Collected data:
"""
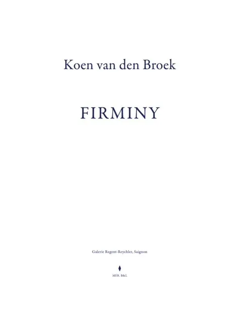 The mini catalogue Firminy gathers 11 paintings on paper and an in situ installation by Koen Van den Broek, made for his eponymous solo exhibition at the Regent-Reychler gallery in Saignon, in the south of France. The paintings, that belong to a larger group of similar works on paper, are inspired by the Saint-Pierre church in Firminy designed by Le Corbusier, and carry the same spirit as the building in terms of light, volume and linearity. These works reveal the interesting and direct relation between architecture and the practice of van den Broek, who originally started an education as architect before studying visual arts. The in situ installation in the gallery is a permanent intervention and a life scale interpretation of two paintings, one by the artist himself and one by Henri Matisse, who had a direct relation to the environment of the south of France.
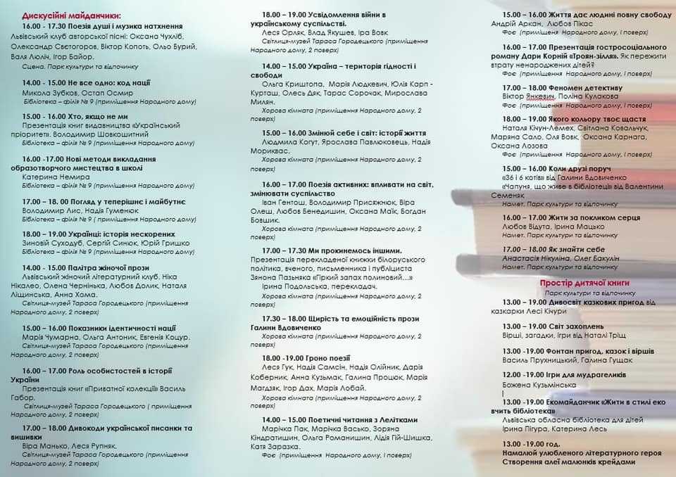 Програма Книжкової толоки "Червоноград читає", яка відбудеться у неділю, 22 серпня, у Парку культури та відпочинку
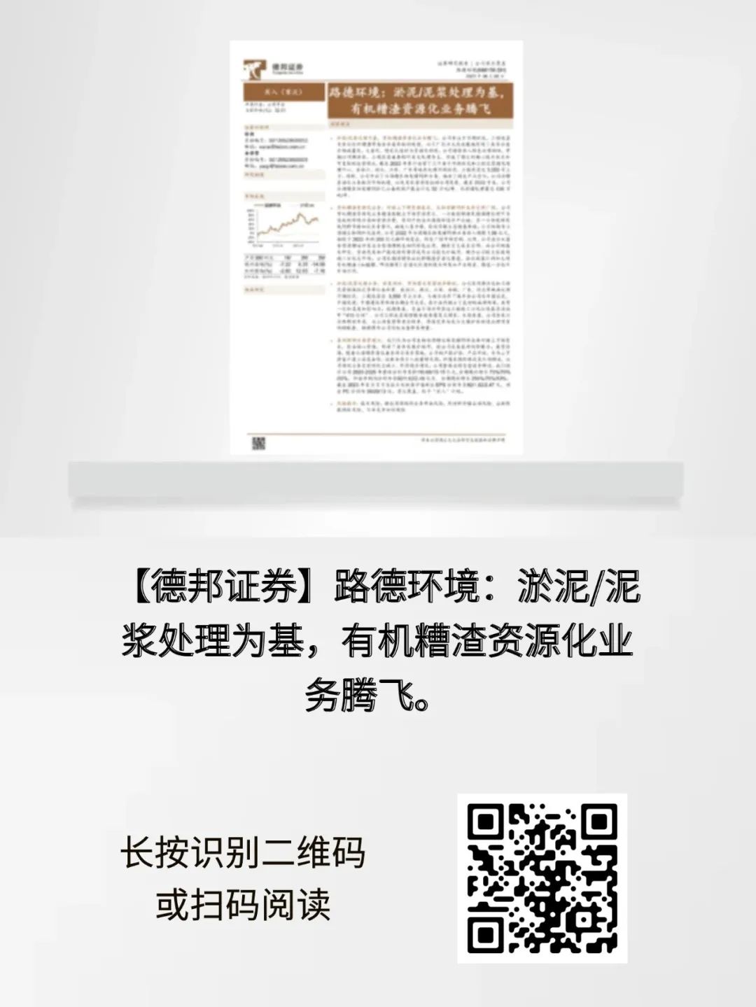 2023年6月6日,德邦證券發(fā)布了以《路德環(huán)境:淤泥/泥漿處理為基,有機糟渣資源化業(yè)務騰飛。》為主題的深度證券研究報告,首次覆蓋路德環(huán)境,并給予了“買入”評級。
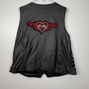 Authentic Harley-Davidson women’s leather vest in size XL. Crafted from genuine leather with a fully lined interior, side lace-up detailing, and front zip closure. This vest also comes with several collectible Harley-Davidson/HOG pins already attached, making it both functional and highly collectible.
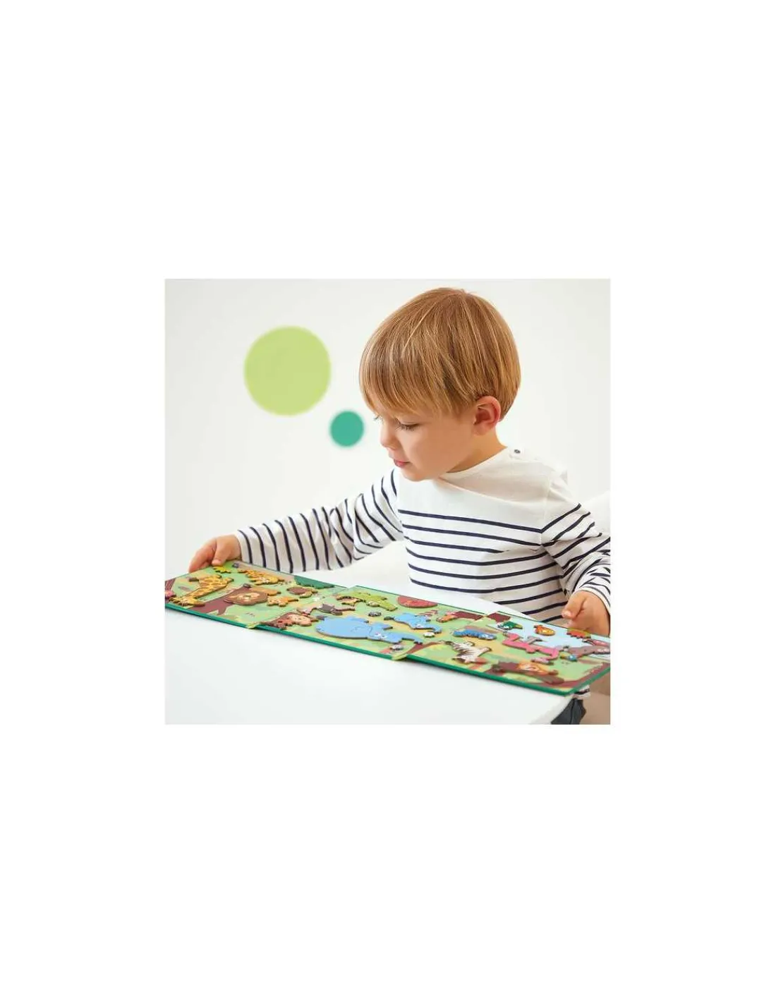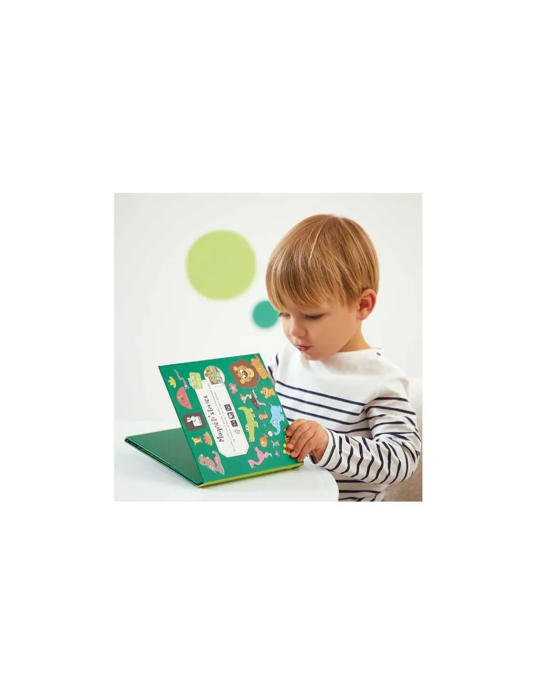 En ouvrant ce livre magnétique, votre enfant découvrira un joli décor, sur lequel il placera les pièces aimantées pour inventer de belles histoires avec des animaux de la savane.
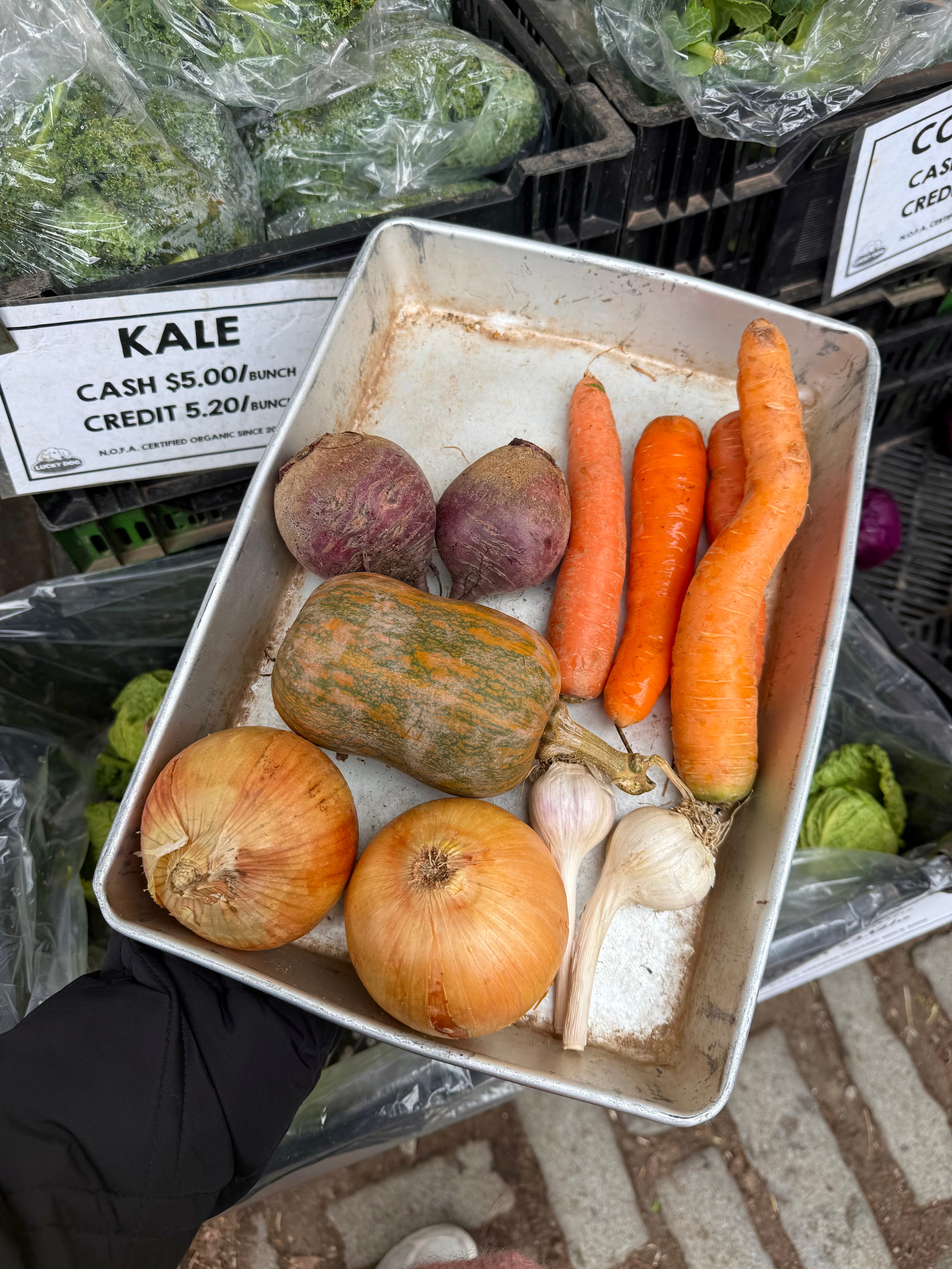 In winter, there isn’t a lot of produce in peak season. There is produce that thrives in cold weather more than others, like kale, cabbage, carrots, leeks, winter radishes, turnips & parsnips. We also have overflow from our beginning of winter produce, like potatoes, winter squash, apples and pears. And then winter is also the season where citrus, oranges, mandarines, tangerines, grapefruit, lemons and limes, thrive. I find it quite amazing that the season where we struggle most with immunity, nature gives us citrus rich in vitamin C, and hearty root vegetables to warm our bodies.
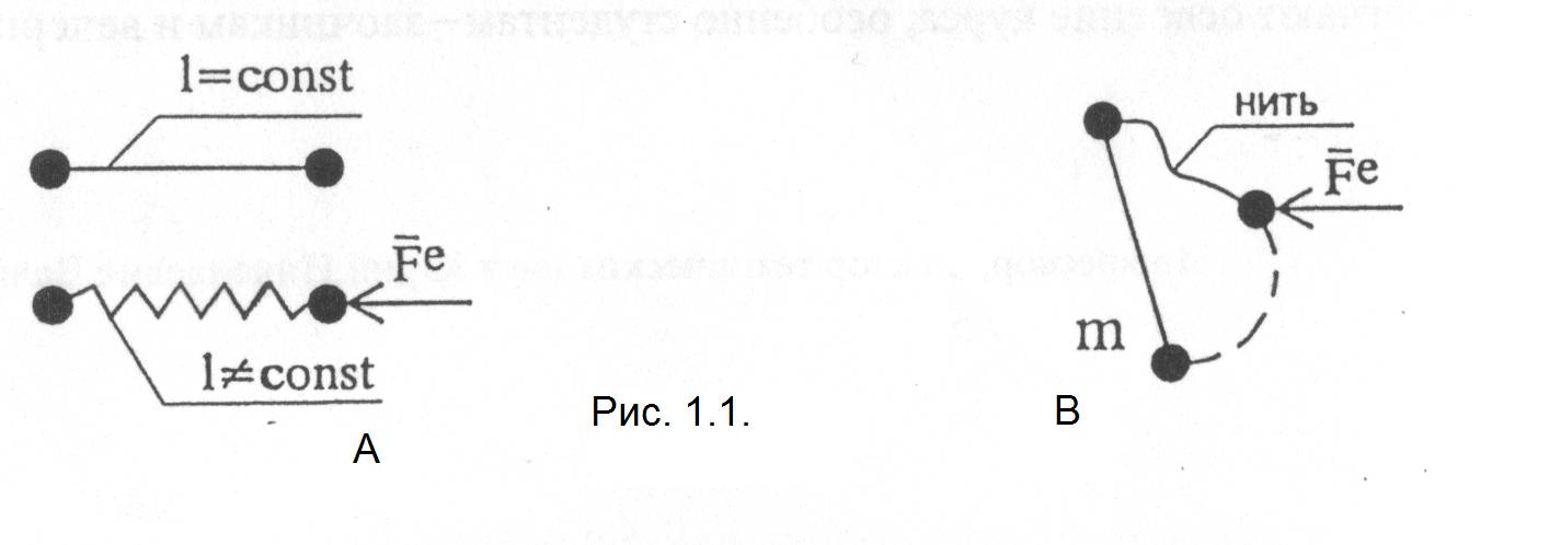 В случае, когда М.С. имеет только внутренние связи, ее движение в пространстве ничем не ограничено и такая система называется свободной. В части II – кинематике рассматривается вопрос о числе степеней свободы свободной неизменяемой системы с (“i =1-n”) неограниченным числом “n” материальных точек. Там, базируясь на выражении S=3n-K, где “К” – число внутренних связей, мы приходили к выводу, что свободное абсолютно твердое тело (Т.Т.) имеет S = 6 степеней свободы и для описания его механического перемещения в пространстве нужно соответственно б кинематических уравнений движения. Задачей динамики твердого тела будет вывести эти уравнения, базируясь на дифференциальных уравнениях движения и интегрируя их. Связи, налагаемые на М.С. могут быть как стационарными (неизменяемыми), так и односторонними. Например (Рис. 1.1.) в случае “А” точки системы связаны жестким невесомым стержнем постоянной длины “I”= const. В случае “В” они вязаны пружиной, которая может менять свою длину “I” под действием внешних сил “Fe”, действующих на систему, и эта система геометрически изменяемая, а связь неудерживающая.
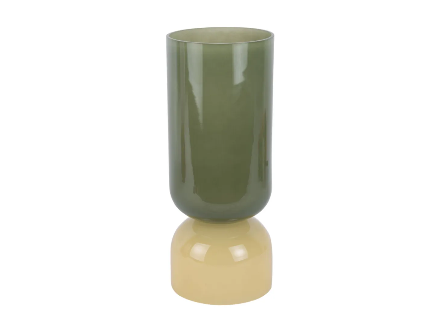 Denne vase fra Present Time kombinerer junglegrøn og blød gul i et todelt design, der bringer naturens farver ind i dit hjem. Vasen er lavet af glas, hvilket giver en klar gennemsigtighed, der fremhæver dine blomsterarrangementer. Med en højde på 37 cm og en diameter på 15 cm passer den til både større buketter og enkle grene.
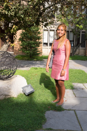 Junior Fellow and expert singer Victoria Fard beside the Sanctuary sculpture in the quad at Massey College
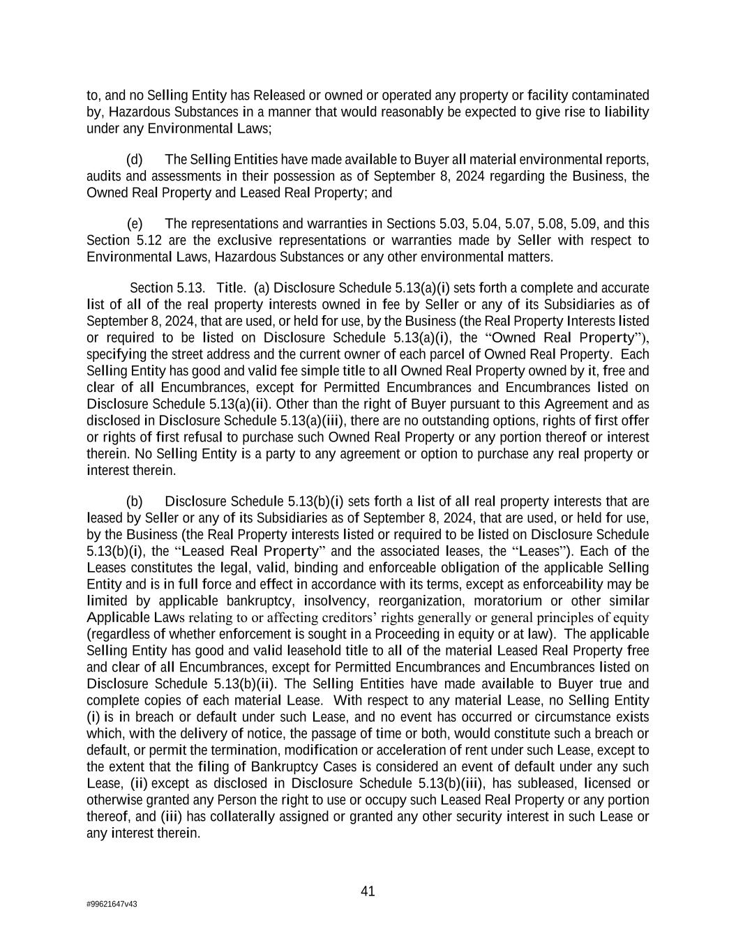 41 #99621647v43 to, and no Selling Entity has Released or owned or operated any property or facility contaminated by, Hazardous Substances in a manner that would reasonably be expected to give rise to liability under any Environmental Laws; (d) The Selling Entities have made available to Buyer all material environmental reports, audits and assessments in their possession as of September 8, 2024 regarding the Business, the Owned Real Property and Leased Real Property; and (e) The representations and warranties in Sections 5.03, 5.04, 5.07, 5.08, 5.09, and this Section 5.12 are the exclusive representations or warranties made by Seller with respect to Environmental Laws, Hazardous Substances or any other environmental matters. Section 5.13. Title. (a) Disclosure Schedule 5.13(a)(i) sets forth a complete and accurate list of all of the real property interests owned in fee by Seller or any of its Subsidiaries as of September 8, 2024, that are used, or held for use, by the Business (the Real Property Interests listed or required to be listed on Disclosure Schedule 5.13(a)(i), the “Owned Real Property”), specifying the street address and the current owner of each parcel of Owned Real Property. Each Selling Entity has good and valid fee simple title to all Owned Real Property owned by it, free and clear of all Encumbrances, except for Permitted Encumbrances and Encumbrances listed on Disclosure Schedule 5.13(a)(ii). Other than the right of Buyer pursuant to this Agreement and as disclosed in Disclosure Schedule 5.13(a)(iii), there are no outstanding options, rights of first offer or rights of first refusal to purchase such Owned Real Property or any portion thereof or interest therein. No Selling Entity is a party to any agreement or option to purchase any real property or interest therein. (b) Disclosure Schedule 5.13(b)(i) sets forth a list of all real property interests that are leased by Seller or any of its Subsidiaries as of September 8, 2024, that are used, or held for use, by the Business (the Real Property interests listed or required to be listed on Disclosure Schedule 5.13(b)(i), the “Leased Real Property” and the associated leases, the “Leases”). Each of the Leases constitutes the legal, valid, binding and enforceable obligation of the applicable Selling Entity and is in full force and effect in accordance with its terms, except as enforceability may be limited by applicable bankruptcy, insolvency, reorganization, moratorium or other similar Applicable Laws relating to or affecting creditors’ rights generally or general principles of equity (regardless of whether enforcement is sought in a Proceeding in equity or at law). The applicable Selling Entity has good and valid leasehold title to all of the material Leased Real Property free and clear of all Encumbrances, except for Permitted Encumbrances and Encumbrances listed on Disclosure Schedule 5.13(b)(ii). The Selling Entities have made available to Buyer true and complete copies of each material Lease. With respect to any material Lease, no Selling Entity (i) is in breach or default under such Lease, and no event has occurred or circumstance exists which, with the delivery of notice, the passage of time or both, would constitute such a breach or default, or permit the termination, modification or acceleration of rent under such Lease, except to the extent that the filing of Bankruptcy Cases is considered an event of default under any such Lease, (ii) except as disclosed in Disclosure Schedule 5.13(b)(iii), has subleased, licensed or otherwise granted any Person the right to use or occupy such Leased Real Property or any portion thereof, and (iii) has collaterally assigned or granted any other security interest in such Lease or any interest therein.
"""
- _TASK BRIEF_
Print nothing except the lines above from the one containing "Програма Книжкової толоки" down to the one containing "En ouvrant ce", both included, exactly as written and free of pictures.

- _TASK OUTPUT_
 Програма Книжкової толоки "Червоноград читає", яка відбудеться у неділю, 22 серпня, у Парку культури та відпочинку
 2023年6月6日,德邦證券發(fā)布了以《路德環(huán)境:淤泥/泥漿處理為基,有機糟渣資源化業(yè)務騰飛。》為主題的深度證券研究報告,首次覆蓋路德環(huán)境,并給予了“買入”評級。
 Authentic Harley-Davidson women’s leather vest in size XL. Crafted from genuine leather with a fully lined interior, side lace-up detailing, and front zip closure. This vest also comes with several collectible Harley-Davidson/HOG pins already attached, making it both functional and highly collectible.
 En ouvrant ce livre magnétique, votre enfant découvrira un joli décor, sur lequel il placera les pièces aimantées pour inventer de belles histoires avec des animaux de la savane.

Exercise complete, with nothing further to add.